What is web scraping and why is it on the rise for social networks?

LinkedIn became the latest victim of malicious web scraping this week (pic courtesy Stanislau Palaukou/Shutterstock)

LinkedIn became the latest victim of malicious web scraping this week, when 700m user records were lifted from the professional social networking site and posted on the dark web. It reflects a growing trend for scraping information from social networks and ecommerce sites to use or sell, which has been enabled by the rise of advanced artificial intelligence. But web scraping has legitimate uses too, meaning it is difficult for regulators to combat.

What is web scraping? — LinkedIn became the latest victim of malicious web scraping this week. (Photo by Stanislau Palaukou/Shutterstock)

The incident is the second time LinkedIn has been targeted this year – in April, scraped data from 500m LinkedIn users was offered for sale online.
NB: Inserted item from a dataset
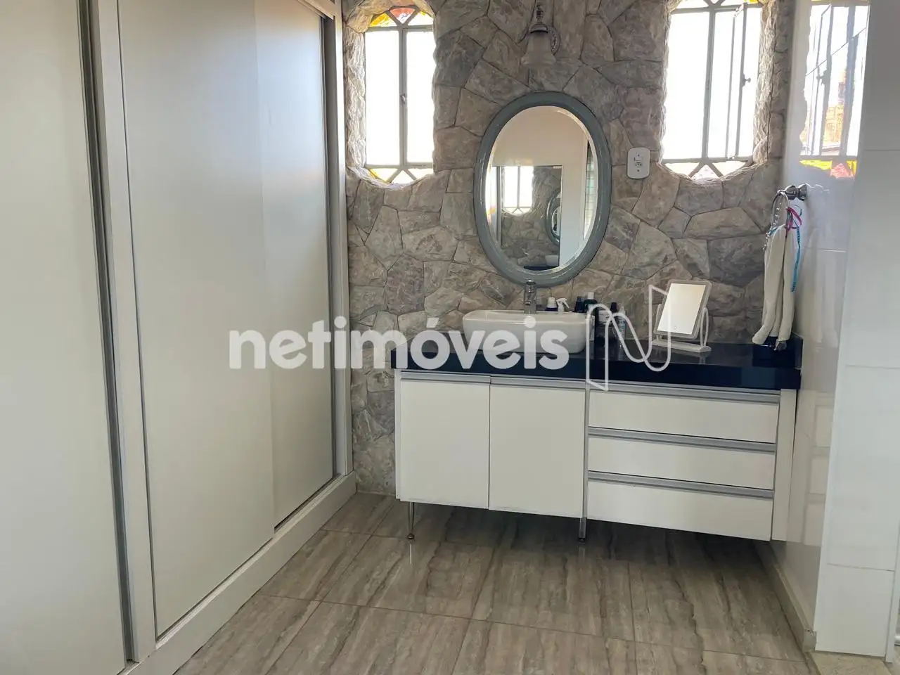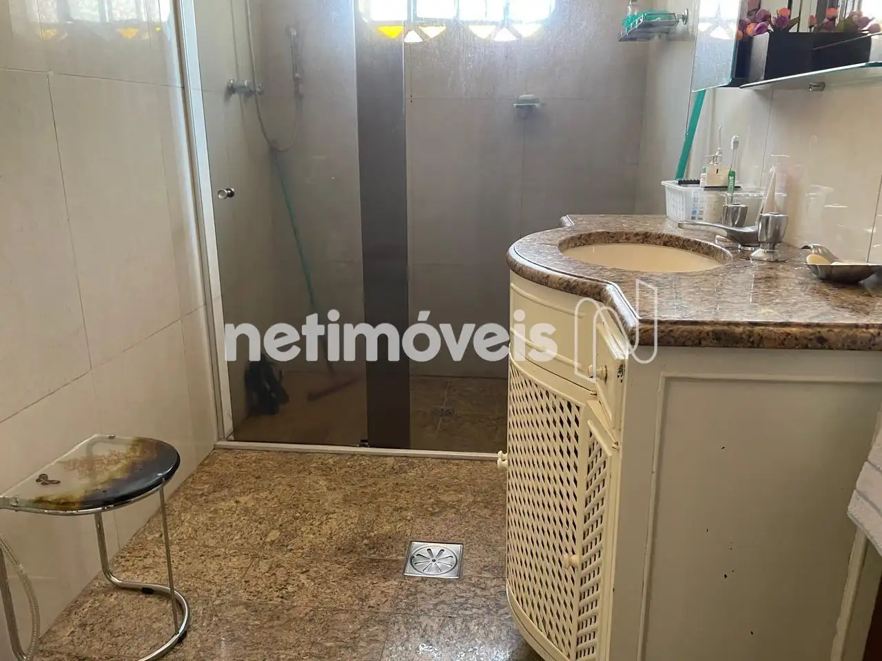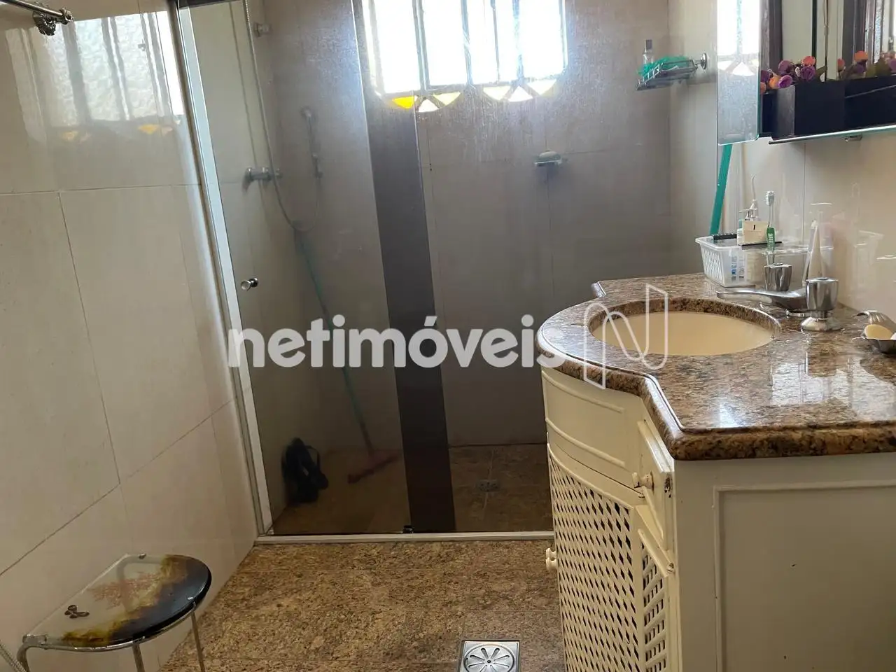 - Banho suíte com piso em porcelanato, pia com bancada em granito, com armário e box em vidro temperado;
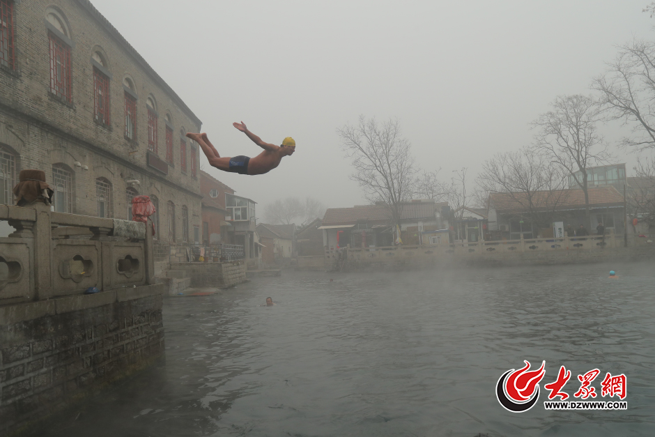 12月20日,大范围雾霾继续肆虐,山东“全面沦陷”,济南,严重雾霾天气未能阻挡王府池子的冬泳爱好者。 根据山东城市空气质量实时监测显示,截至20日8:00,山东已有济南、淄博、莱芜、日照、临沂、枣庄、济宁、菏泽8市陷入严重污染水平,其中临沂市AQI达到500爆表值。大众网记者 王长坤 摄

Elsewhere, Facebook deemed its recent data breach, which resulted in 530 million user records appearing on the dark web, to be a result of web scraping rather than a leak, and earlier this year Alibaba had more than a billion records scraped by a rival e-commerce company from its Chinese shopping portal, Taobao.

LinkedIn maintains its innocence, and said that following analysis it was confident the incident was “was not a LinkedIn data breach”, instead concluding that “the dataset includes information scraped from LinkedIn and other sources.” It could be in line for further problems, as it was reported on Wednesday that another 88,000 user records, comprising information about business holders taken from their profiles, had been posted on the dark web.

What is web scraping and why is it a problem?

Web scraping, or web crawling, is a process of lifting data that may be of some value. Its legitimate uses include for price comparison websites, which utilise scraping techniques to glean price alternatives for the same deal. “Data is really valuable, but for the same reason that it’s valuable in the legitimate economy, it’s also valuable for criminals,” says David Emm, lead researcher at security company Kaspersky.

Indeed, the technique has caught the attention of hackers, with social networking sites and e-commerce platforms proving particularly attractive targets, as much of their user information is in the public domain. The process of scraping can include anything from manual measures such as taking a picture of the screen on a phone to using an army of bots to find and duplicate millions of records.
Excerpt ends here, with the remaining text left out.